Recycled

The New York Times’ Oscar Prediction

For the fourth straight year, the paper has no idea who’s going to win anything.

On Sunday, the New York Times’s A.O. Scott issued the paper of record’s annual Oscar prediction: “Those who practice pre-Oscar shamanism, studying the awards strewn across the landscape like the entrails of slaughtered sheep, have noted that no obvious frontrunner for best picture has emerged, nor even a plausible two-way race. Where is this year’s Beautiful Mind, its American Beauty or its Shakespeare versus Private Ryan showdown?

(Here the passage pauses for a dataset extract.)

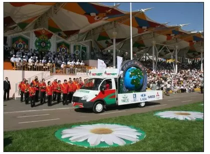 В торжественной колонне прошли и представители шинного комплекса группы компаний «Татнефть». Красочно оформленный автомобиль наглядно показывал, чем славится нижнекамский шинный комплекс: поставки шин на комплектацию крупнейшим мировым автопроизводителям, новейшие модели шин и географию поставок в России и за рубежом.

Nowhere in sight.”

Problem is, the Times always makes the same prediction—even in years when “frontrunners” like A Beautiful Mind and American Beauty are competing for the awards.

Previewing the 2002 Oscars, the Times reported that there was nothing “clear and inevitable” about that year’s race, except that “some movie” will win Best Picture.

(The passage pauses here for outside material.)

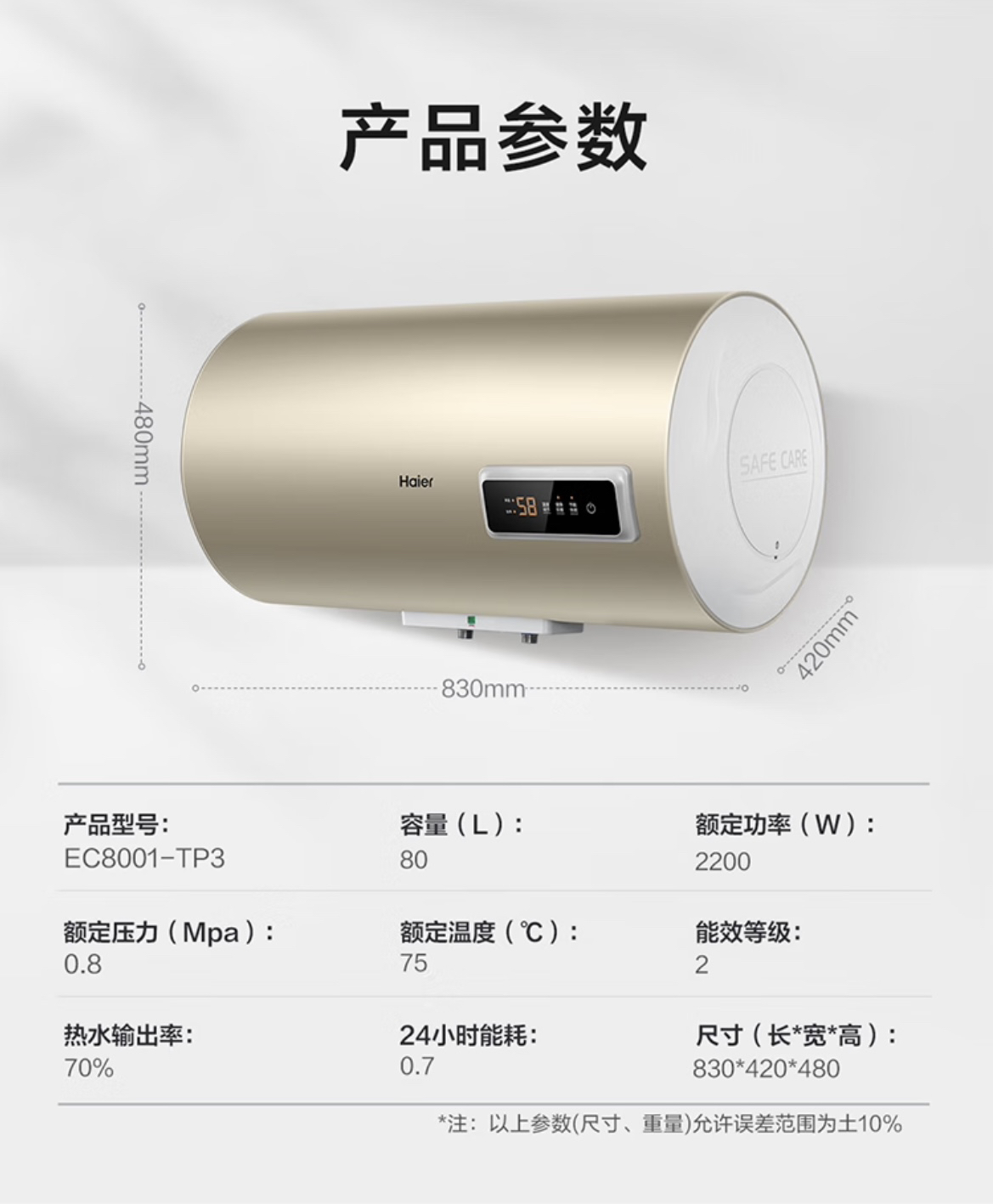 海尔(Haier)热水器 EC8001-TP3

For the 2001 version: “[T]his is widely regarded as one of the strangest and most unsettled Oscar races in years.”

For 2000: “It’s often easy to look at the accumulation of year-end critics’ awards to get some idea of what is likely to dominate when the Academy Awards are handed out. But this year, that’s almost impossible.”

Last January, Slate’s Tim Carvell speculated that the Times’ “serial amnesia” was actually a clever tribute to Memento.